New Overnight Developments Abroad: CPI Data Augment Deflation Fears

January 5, 2009

The dollar rose 1.7% against the Swiss franc, 1.5% against the euro and 1.1% versus the yen but is little changed otherwise.

In Asian stock markets, many of which opened for the first time this year, a fairly strong rally saw the Nikkei climb 2.1% and bourses advance 3.6% in China, 3.5% in Hong Kong, 6.4% in Thailand, 6.0% in Indonesia, 5.4% in the Philippines and 5.2% in Singapore.

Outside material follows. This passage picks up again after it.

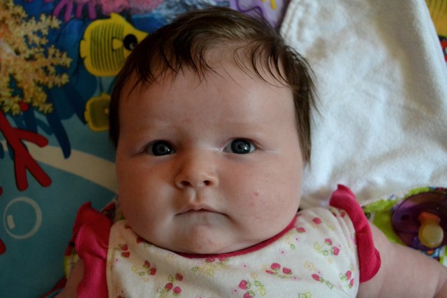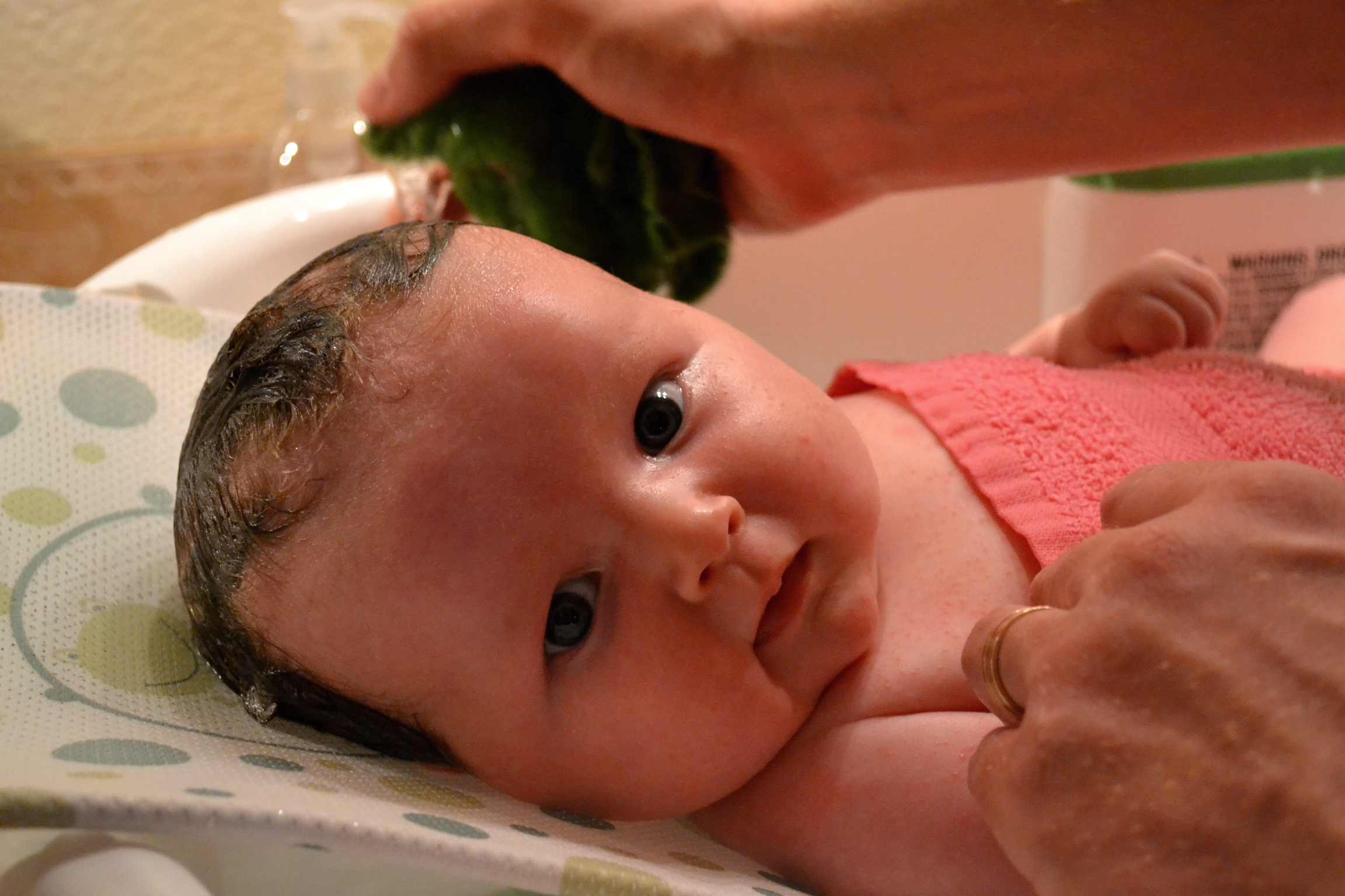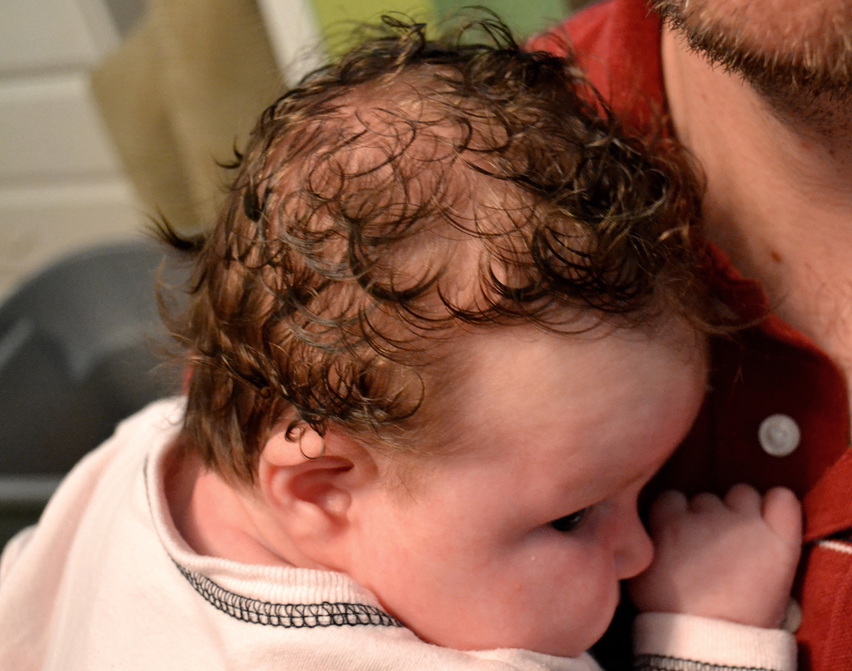 Lu also gets a lot of “Wow! That’s quite a bit of hair!” and “When do you think that hair will fall out?” I don’t think it’s going to. Mo’s grew out platinum blonde and I’m starting to think Lu’s will do the same. Lucy’s is definitely darker than Mo’s was, has red undertones, and is super curly when wet! I love that.

Australian equities slid 0.7%. The British Ftse and German Dax edged 0.2% higher, while the Paris Cac is trading off 0.2%. Futures suggest a drop in U.S. stocks at the open.

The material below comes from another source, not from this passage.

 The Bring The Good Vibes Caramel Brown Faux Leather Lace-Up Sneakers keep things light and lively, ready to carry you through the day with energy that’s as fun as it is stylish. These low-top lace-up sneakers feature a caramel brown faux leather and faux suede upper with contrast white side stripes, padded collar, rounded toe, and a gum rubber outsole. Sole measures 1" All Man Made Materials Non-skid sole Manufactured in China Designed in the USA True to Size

The 1.21% yield on 10-year JGB’s is 5.5 basis points above last Tuesday’s five-year low of 1.155%.

Oil prices increased 1.7% to $47.15/barrel on geopolitical tensions in Gaza and between Russia and the Ukraine, but precious metal prices are lower. Gold fell 2.1% to $861.40 per ounce.

Several countries released lower-than-forecast consumer price statistics, which fanned worries about sub-zero inflation ahead.

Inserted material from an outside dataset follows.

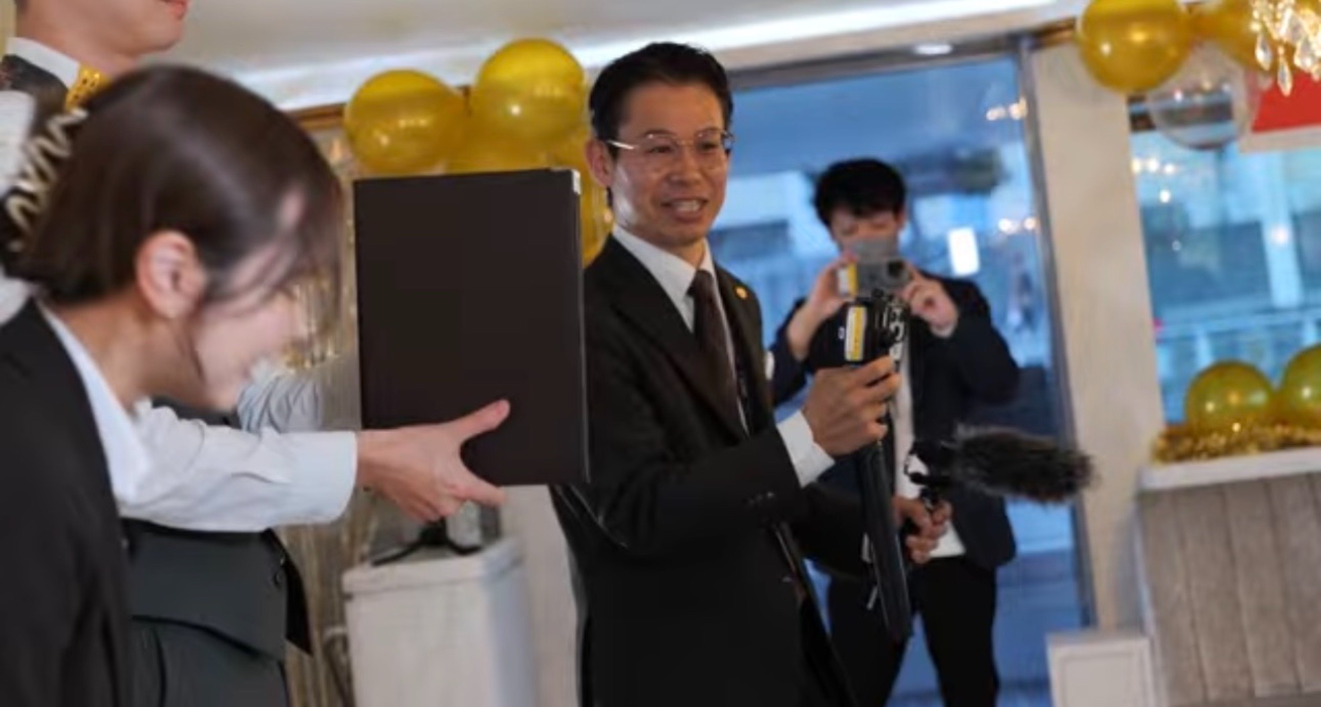 会長専属カメラマン 小玉氏 社員は彼の行動に困惑しています。会長の犬

  • Indonesia’s CPI rose 11.06% in the year to December, down from 11.68% in November and 12.14% in December. The central bank is expected to cut its 9.25% key rate on Wednesday.
  • Italian harmonized consumer prices eased 0.2% last month and to a 12-month pace of 2.3% from 2.7% in November and 3.5% on average in 2008.
  • Spanish consumer price inflation slid to 1.5% year/year in December from 2.4% in November.
  • Taiwan’s CPI fell to a 10-year low of 1.2%.
  • Thai inflation of 0.4% was at a six-year low.
  • Yellen of the Fed and Papademos of the ECB warned of deflationary risks in speeches at the annual American Economic Association meetings.

German Chancellor Merkel reversed her prior opposition to tax cuts. The government moved closer to a EUR 50 billion fiscal stimulus.

President-Elect Obama’s nominee for Commerce Secretary, Bill Richardson (Governor of New Mexico) stepped down amid alleged corruption. Obama’s proposed tax relief is said to exceed $300 billion.

South Korean reserves rose $0.7 billion last month. This first increase in nine months suggests moderating financial strains.

Press reports in Japan claim the government will revised its fiscal 2009 growth forecast from 0.6% to a drop of as much as 1.0%. Japanese motor vehicle sales sank 6.5% last year, worst in over three decades, and by a whopping 22.3% in the year to December.

The Swiss PMI index unexpectedly ticked up to 36.9 from a record low of 35.2 in November.

The British construction-sector PMI reading fell to 29.3 in December from 31.8 in November and has been under 50 for ten straight months.

JP Morgan’s global PMI fell to 33.2 in December from 36.5 in November.

U.S. construction spending and motor vehicle sales will be released later today.